When multiple UI components consume overlapping server entities — a user record displayed in a sidebar, a post feed, and an edit form simultaneously — keeping those entities in sync requires more than just re-fetching. Without a normalized structure, each component holds its own copy of the same data. A mutation to one copy does not propagate to the others, leaving the UI in an inconsistent state. This is the specific failure mode that normalization addresses: it eliminates duplicated entity storage by replacing embedded objects with foreign key references, so a single mutation updates every dependent view at once.

This page is part of State Architecture & Cache Fundamentals, which covers the structural decisions that govern how server state is modeled in the browser. For the architectural context on how normalized stores fit within a layered cache design, see Cache Layer Architecture. If you are deciding whether to normalize at all, the Client vs Server State Boundaries topic explains which payloads warrant a normalized cache versus local-only ephemeral storage.

Diagnostic Checklist

You are in the right place if you are observing one or more of these symptoms:

A mutation to a user profile updates the edit form but leaves an avatar or post author display showing the old value.
Fetching a list of posts causes n redundant author objects to be stored in cache, one per post, even though most authors repeat.
A useQuery subscriber re-renders even though the data it consumes did not change — caused by new object references being allocated for unchanged nested entities.
Pagination appends create flicker because the entire post collection is overwritten rather than merged into the existing entity map.
Rollback after an optimistic mutation is inconsistent: some views revert, others do not.

Prerequisites

Before implementing normalization, make sure you understand:

Reference vs Value Storage Models — the distinction between reference-stable entity graphs and copied value trees, which determines whether two components share a single object or hold independent copies.
Cache Layer Architecture — the extraction boundaries between the network layer, the raw response cache, and the normalized entity store.
Client vs Server State Boundaries — which payloads belong in a normalized cache and which belong in local component state.

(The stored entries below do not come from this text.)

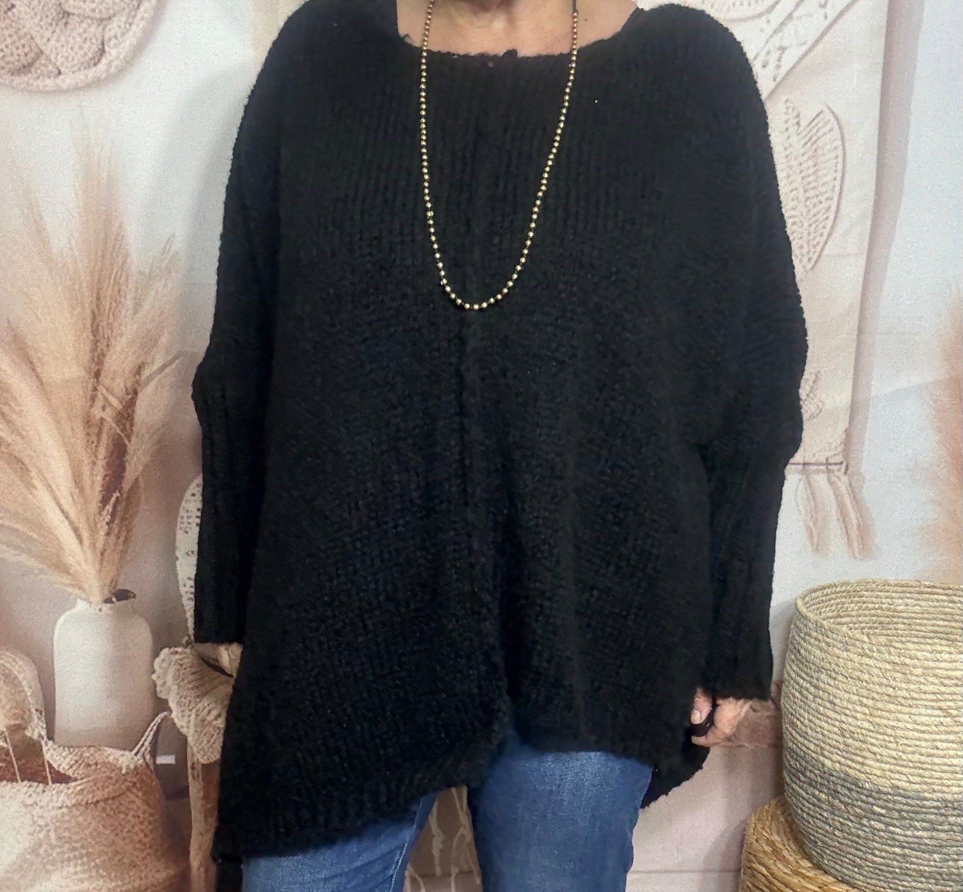 pull asymétrique oversize sans laine noir col V douceur +++ du 42 au 56/58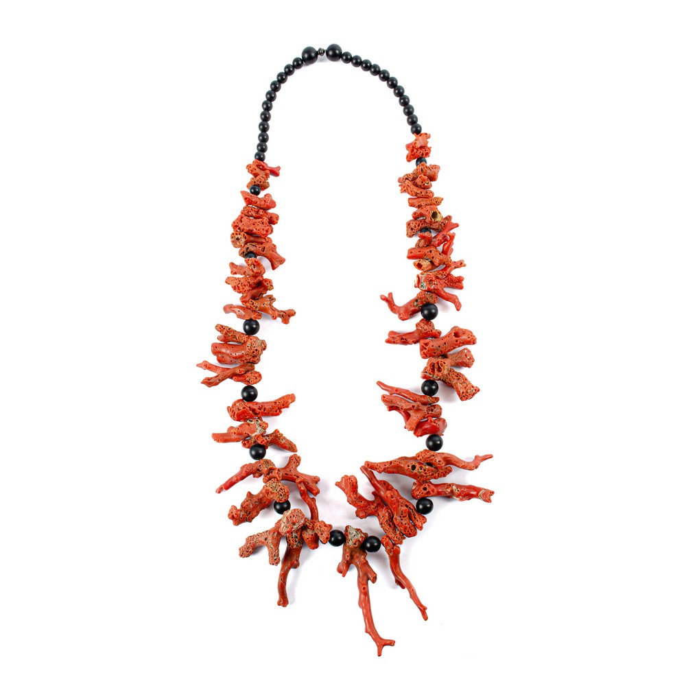 COLLANA con tralci di corallo e sfere di pietra lavica
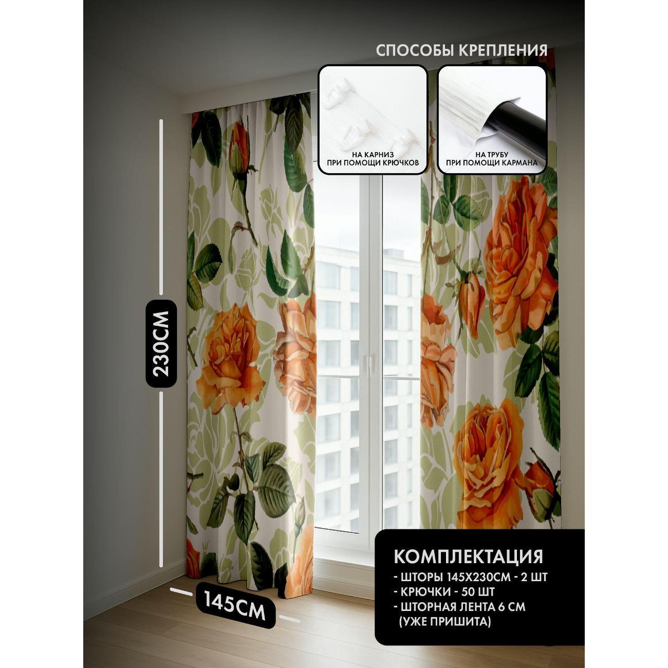 Комплект фотоштор 3D от бренда 365home с дизайном - Оранжевые розы с зелёными листьями на светлом фоне. Оригинальное решение, позволяющее обновить ваш дом, придать ему неповторимый стиль, красоту и подарить его обитателям комфорт и уют, а также стать надёжной защитой от городского шума и холода зимой.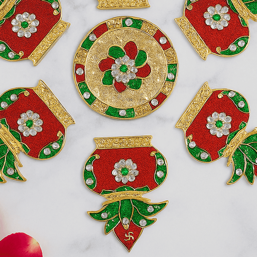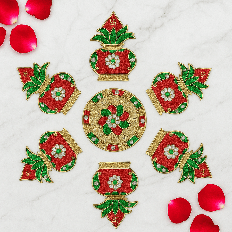 The Festive Kalash Acrylic Rangoli Set combines a round centerpiece with six kalash-shaped side pieces to create an exquisite rangoli design. Featuring rich red, gold, and green hues, this set adds a refined and vibrant touch to your festive décor. Its elegant craftsmanship enhances traditional celebrations with a modern aesthetic, making it a tasteful centerpiece for any occasion.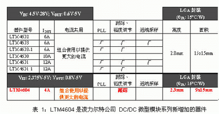LTM4604 是凌力爾特公司推出的最新 DC/DC 微型模塊(µModuleTM)穩(wěn)壓器,LTM4604 也引出了一個(gè)面向低壓應(yīng)用(2.375V 至 5V)的新器件系列。第一個(gè)器件系列由 6 個(gè) DC/DC 微型模塊穩(wěn)壓器組成,以較高電壓和較高功率的應(yīng)用為目標(biāo),而新推出的器件系列專門用于較低電壓和功率略低一些的應(yīng)用。此外,新器件系列采用的封裝小 40%。參見(jiàn)表 1,以迅速了解這些緊湊和完整的 DC/DC 系統(tǒng)的特色。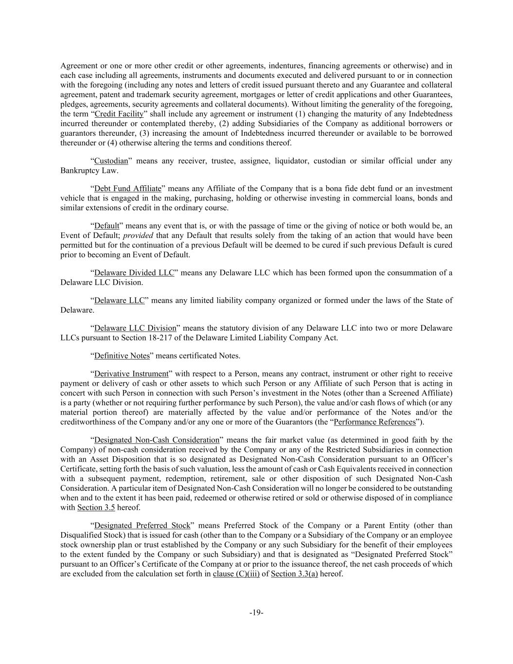 -19- Agreement or one or more other credit or other agreements, indentures, financing agreements or otherwise) and in each case including all agreements, instruments and documents executed and delivered pursuant to or in connection with the foregoing (including any notes and letters of credit issued pursuant thereto and any Guarantee and collateral agreement, patent and trademark security agreement, mortgages or letter of credit applications and other Guarantees, pledges, agreements, security agreements and collateral documents). Without limiting the generality of the foregoing, the term “Credit Facility” shall include any agreement or instrument (1) changing the maturity of any Indebtedness incurred thereunder or contemplated thereby, (2) adding Subsidiaries of the Company as additional borrowers or guarantors thereunder, (3) increasing the amount of Indebtedness incurred thereunder or available to be borrowed thereunder or (4) otherwise altering the terms and conditions thereof. “Custodian” means any receiver, trustee, assignee, liquidator, custodian or similar official under any Bankruptcy Law. “Debt Fund Affiliate” means any Affiliate of the Company that is a bona fide debt fund or an investment vehicle that is engaged in the making, purchasing, holding or otherwise investing in commercial loans, bonds and similar extensions of credit in the ordinary course. “Default” means any event that is, or with the passage of time or the giving of notice or both would be, an Event of Default; provided that any Default that results solely from the taking of an action that would have been permitted but for the continuation of a previous Default will be deemed to be cured if such previous Default is cured prior to becoming an Event of Default. “Delaware Divided LLC” means any Delaware LLC which has been formed upon the consummation of a Delaware LLC Division. “Delaware LLC” means any limited liability company organized or formed under the laws of the State of Delaware. “Delaware LLC Division” means the statutory division of any Delaware LLC into two or more Delaware LLCs pursuant to Section 18-217 of the Delaware Limited Liability Company Act. “Definitive Notes” means certificated Notes. “Derivative Instrument” with respect to a Person, means any contract, instrument or other right to receive payment or delivery of cash or other assets to which such Person or any Affiliate of such Person that is acting in concert with such Person in connection with such Person’s investment in the Notes (other than a Screened Affiliate) is a party (whether or not requiring further performance by such Person), the value and/or cash flows of which (or any material portion thereof) are materially affected by the value and/or performance of the Notes and/or the creditworthiness of the Company and/or any one or more of the Guarantors (the “Performance References”). “Designated Non-Cash Consideration” means the fair market value (as determined in good faith by the Company) of non-cash consideration received by the Company or any of the Restricted Subsidiaries in connection with an Asset Disposition that is so designated as Designated Non-Cash Consideration pursuant to an Officer’s Certificate, setting forth the basis of such valuation, less the amount of cash or Cash Equivalents received in connection with a subsequent payment, redemption, retirement, sale or other disposition of such Designated Non-Cash Consideration. A particular item of Designated Non-Cash Consideration will no longer be considered to be outstanding when and to the extent it has been paid, redeemed or otherwise retired or sold or otherwise disposed of in compliance with Section 3.5 hereof. “Designated Preferred Stock” means Preferred Stock of the Company or a Parent Entity (other than Disqualified Stock) that is issued for cash (other than to the Company or a Subsidiary of the Company or an employee stock ownership plan or trust established by the Company or any such Subsidiary for the benefit of their employees to the extent funded by the Company or such Subsidiary) and that is designated as “Designated Preferred Stock” pursuant to an Officer’s Certificate of the Company at or prior to the issuance thereof, the net cash proceeds of which are excluded from the calculation set forth in clause (C)(iii) of Section 3.3(a) hereof.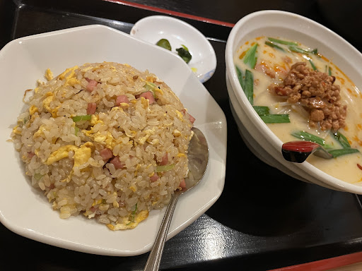 Read more夜遅くまで開いているし、まぁ、、行ってみようかな?ドキドキしながらと行ってみました。 ラーメンセット(台湾豚骨ラーメンと炒飯)と唐揚げを注文。台湾豚骨ラーメンという辛いのが苦手な私でもちょうどいいピリ辛の新感覚豚骨ラーメン! 炒飯は想像した感じ、 特にびっくりしたのは唐揚げ!!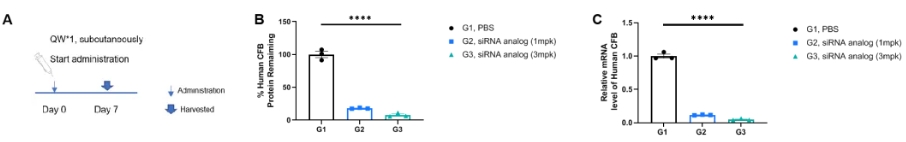 核酸药物对B-hCFB小鼠中人CFB的抑制效率。将B-hCFB小鼠随机分为三组(每组3只,8周龄,雄性)。根据专利合成的针对人CFB的siRNA类似物(G2 1mpk, G3 3mpk)和G1 PBS分别给予小鼠。在第7天处死小鼠,收集肝组织和血浆以通过qPCR和ELISA检测人CFB mRNA和蛋白质的表达水平。(A)实验处理的示意图。(B)B-hCFB小鼠剩余%的人类CFB蛋白质。(C)肝脏中人类CFB mRNA的表达。治疗组(G2、G3)中的人CFB明显减少与对照组(G1)相比。值表示为平均值±SEM。通过单因素ANOVA测试确定显着性差异。****p<0.0001。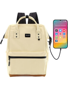 BASIC Himawari khaki-bézs női hátizsák laptop zsebbel és USB porttal 1881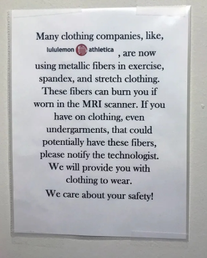 宾夕法尼亚州一家医疗机构的墙壁上贴有警示标志,告诫进来做核磁共振检查的人员最好别穿某品牌的瑜伽裤。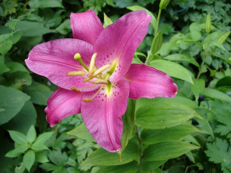 Vor einigen Jahren habe ich noch "Mischpackungen" verschiedener Lilien im Supermarkt mitgenommen, und dabei nur darauf geachtet, dass die Zwiebeln ordentlich aussahen. Natürlich kam nur ein Bruchteil von ihnen schon im ersten Jahr. Einige sind mittlerweile eh ganz weggeblieben, aber einige wenige haben sich nun in diesem Jahr doch zu einer (oder wenigen) Blüte(n) bequemt. Aber wie heißen die denn nun? Ausgehend von den etwas rundlichen, größeren Blättern meine ich, dass es Orientalis- oder OT-Hybriden sein müssten. Hier erstmal eine Rosafarbene, die auch etwas duftet:
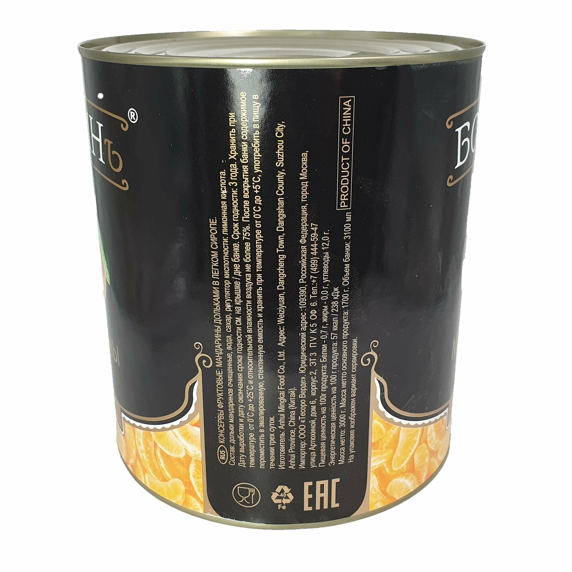 Мандарины в сиропе "Бояринъ" в большой банке 3100мл интересное: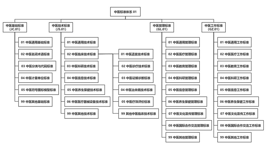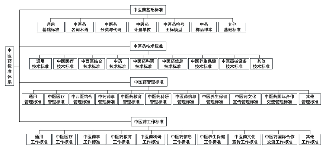 各省、自治区、直辖市中医药主管部门,新疆生产建设兵团卫生健康委,局机关各部门、直属各单位,全国中医药各专业标准化技术委员会,局中医药标准化工作办公室: 为进一步推动建立健全适合中医药发展的标准体系,促进标准化工作科学发展,清晰定位标准紧缺度、层级和优先级,我局组织制定了《中医药标准体系表(2025年版)》,现印发给你们,供指导中医药标准制修订工作。 国家中医药管理局综合司 2025年11月26日 (信息公开形式:主动公开) 中医药标准体系表(2025年版) 标准化是推进中医药治理能力和治理体系现代化的重要手段,对中医药事业高质量发展起着重要的基础性和引领性作用。构建标准体系是指导标准化工作科学发展的重要方法,对标准化工作有着重要的规划和引领作用。为进一步推动建立健全适合中医药发展的标准体系,促进标准化工作科学发展,我局组织制定了《中医药标准体系表(2025年版)》,用于指导中医药国家标准、行业标准制定紧密围绕中医药重点工作,清晰定位标准紧缺度、层级和优先级。《中医药标准体系表》是中医药领域制定标准的蓝图,也是今后一个时期编制中医药标准化规划、计划的基础和依据。 一、中医药标准体系框架设置 (一)总体结构。中医药标准体系分为基础标准、技术标准、管理标准和工作标准4个子体系,每一子体系下分为若干类目。主要的层次结构,如图1所示。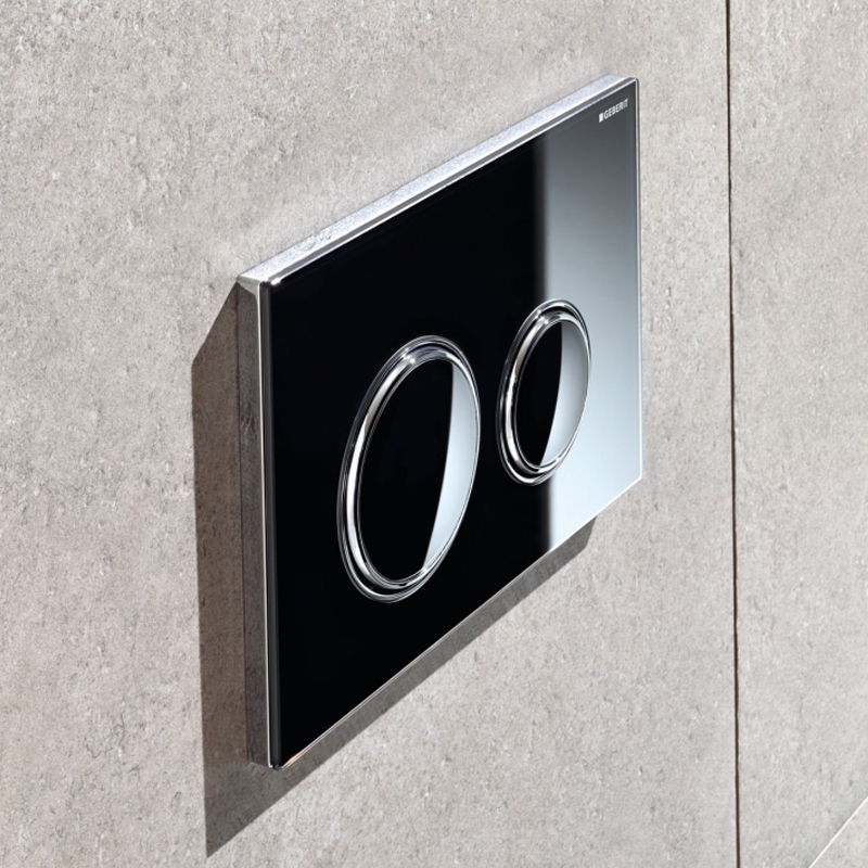 Clapeta cu actionare dubla Geberit, Sigma21, sticla neagra, cromat lucios Geberit, Elvetia

Implementation 1: Entity Extraction with Deterministic Key Generation

Normalization begins at the extraction step. Every nested API payload must be recursively traversed to isolate discrete records before they reach the cache.

Steps:

Define entity schemas as TypeScript interfaces with a mandatory id: string field.
Write an extractor that traverses a raw payload depth-first, pulling named entity types into separate flat maps keyed by entity.id.
Replace embedded sub-objects with their foreign key: authorId: item.author.id instead of author: item.author.
Build a parallel collection array of ordered IDs: ids: data.map(d => d.id).
For polymorphic responses, inject a __typename discriminator during extraction so the selector layer can resolve entity type dynamically.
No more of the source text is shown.